Ketua IAAI Balinusra: Arkeolog Cilik Jadi Bukti Sosialisasi Arkeologi Kepada Generasi Muda

Ketua IAAI Balinusra: Arkeolog Cilik Jadi Bukti Sosialisasi Arkeologi Kepada Generasi Muda
Ketua Ikatan Ahli Arkeologi Indonesia (IAAI) wilayah Bali-Nusa Tenggara (Balinusra), Iwan Kristiawan menyatakan bahwa kegiatan belajar bersama arkeolog cilik menjadi bukti nyata keberhasilan sosialisasi arkeologi kepada generasi muda.


Mataram,(Beritantb.com) - Ketua Ikatan Ahli Arkeologi Indonesia (IAAI) wilayah Bali-Nusa Tenggara (Balinusra), Iwan Kristiawan menyatakan bahwa kegiatan belajar bersama arkeolog cilik menjadi bukti nyata keberhasilan sosialisasi arkeologi kepada generasi muda.


Pernyataan ini disampaikan dalam kegiatan Belajar Bersama Arkeologi Cilik yang digelar oleh Museum NTB sebagai bagian dari rangkaian kegiatan Lomba Cerdas Cermat Museum (LCCM) tahun 2025.


Kegiatan Belajar Bersama Arkeolog Cilik bertajuk ‘Mendunia: Mencintai Budaya, Mengenali Indonesia’ merupakan bagian dari upaya edukasi untuk menjadi arkeolog, yang melibatkan 60 siswa dari 20 sekolah menengah pertama yang terpilih menjadi peserta LCCM dari setiap kabupaten/kota di Nusa Tenggara Barat.


“Kita lihat kembali faktanya ternyata ini menarik. kampus itu sudah waktunya untuk turun melihat bahwa pontesi yang dilakukan oleh museum NTB ini adalah bukti bahwa mereka juga bisa seteara setidaknya kontruksi apa yang mereka sampaikan itu sebenrnya adalah bagian yang saya melihat di kampus. Jadi ini suatu keniscayaan”, ungkap Ketua IAAI Balinusra, Iwan Kristiawan di Mataram, Selasa (22/04/25)
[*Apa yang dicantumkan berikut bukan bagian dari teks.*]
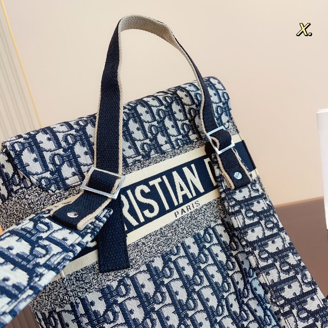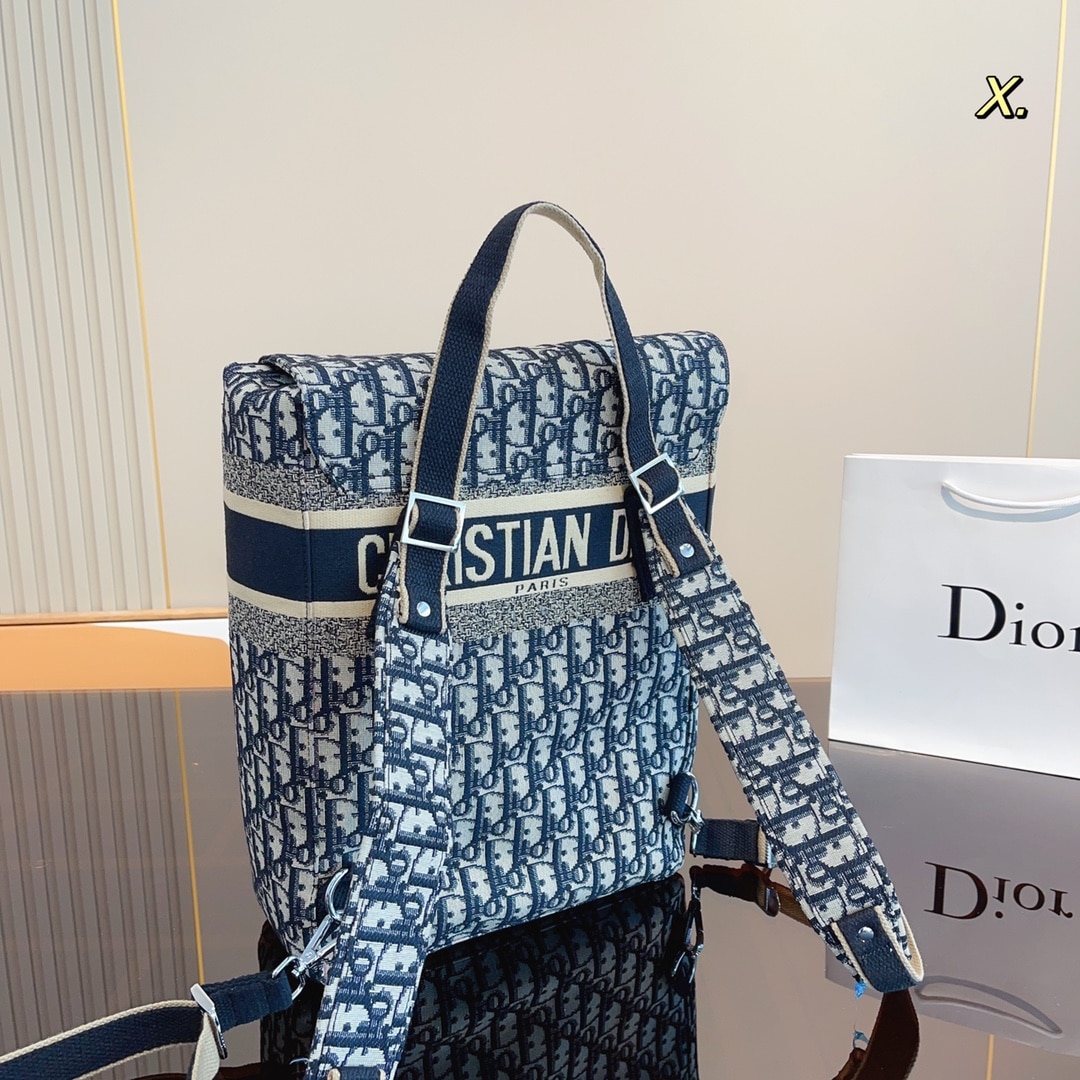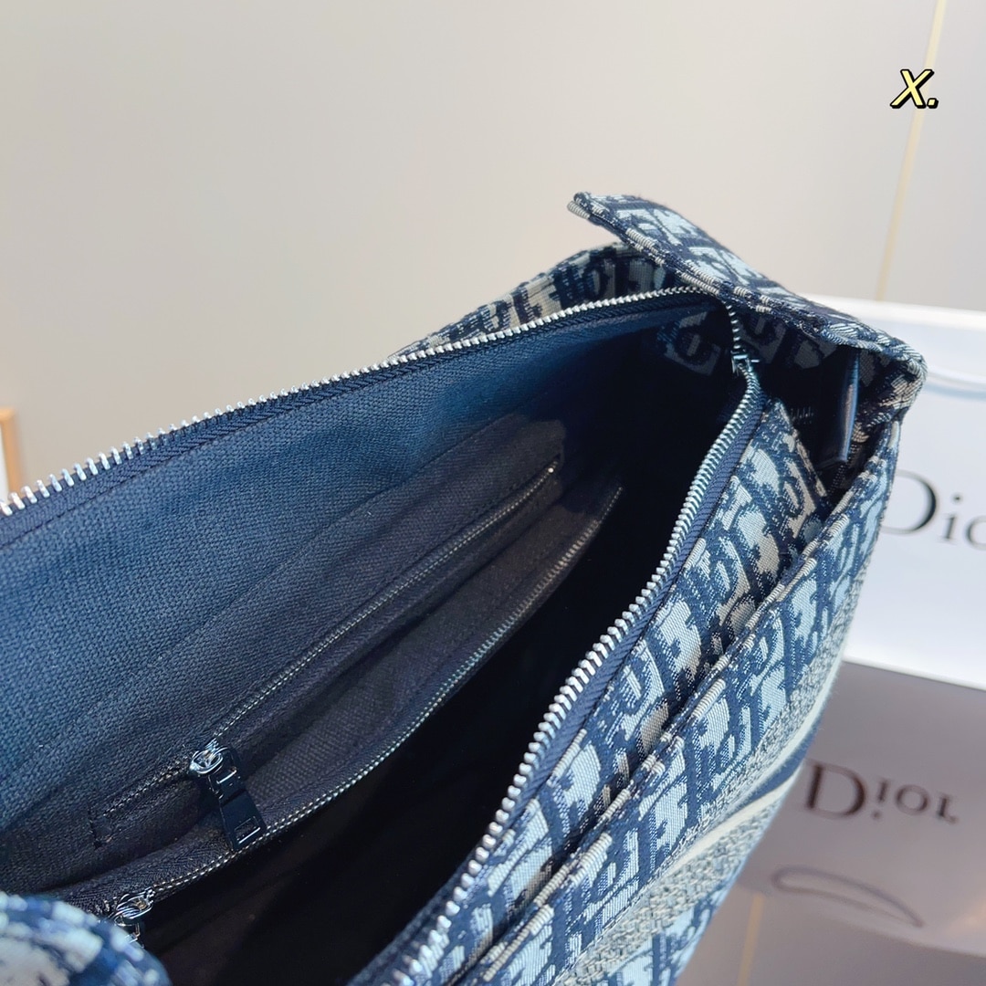 DIOR OBLIQUE EMBROIDERED CANVAS BLUE SIZE 37CM

Iwan megatakan arkeolog cilik ini juga merupakan bagian dari kegiatan pengabdian dan sosialisasi yang dilakukan oleh kampus-kampus. Memaang, tambahnya kegiatan seperti ini belum pernah dilakukan oleh kampus padahal sekolah-sekolah sangat tertarik mempelajari kebudayaan.


“Jadi saya justru ingin berencana menginisiasi teman-teman di universitas untuk melihat, karena ini adalah bukti”, tuturnya. 


Dengan begitu dirinya mengatakan agar kampus perlu melakaukan kerja sama dengan museum dalam kegiatan pengabdian dan sosialisasi. Menurutnya, kerja sama ini seperti simiosis mutualisme. Kampus membutuhkan sosialisasi untuk mahasiswa arkeologi yang kontennya tentang arkeologi, sementara museum membutuhkan salah satu jembatan ketika mengkonservasi budayanya.


“Jadi konservasi budaya itu jalannya kan banyak ya, jadi museum sebagai hulu dari semua artefak ini. kan muarannya ada di museum nah kampus punya tanggung jawab untuk memberikan atau menjelaskan caption yang ada di setiap museum”, tuturnya.(Red).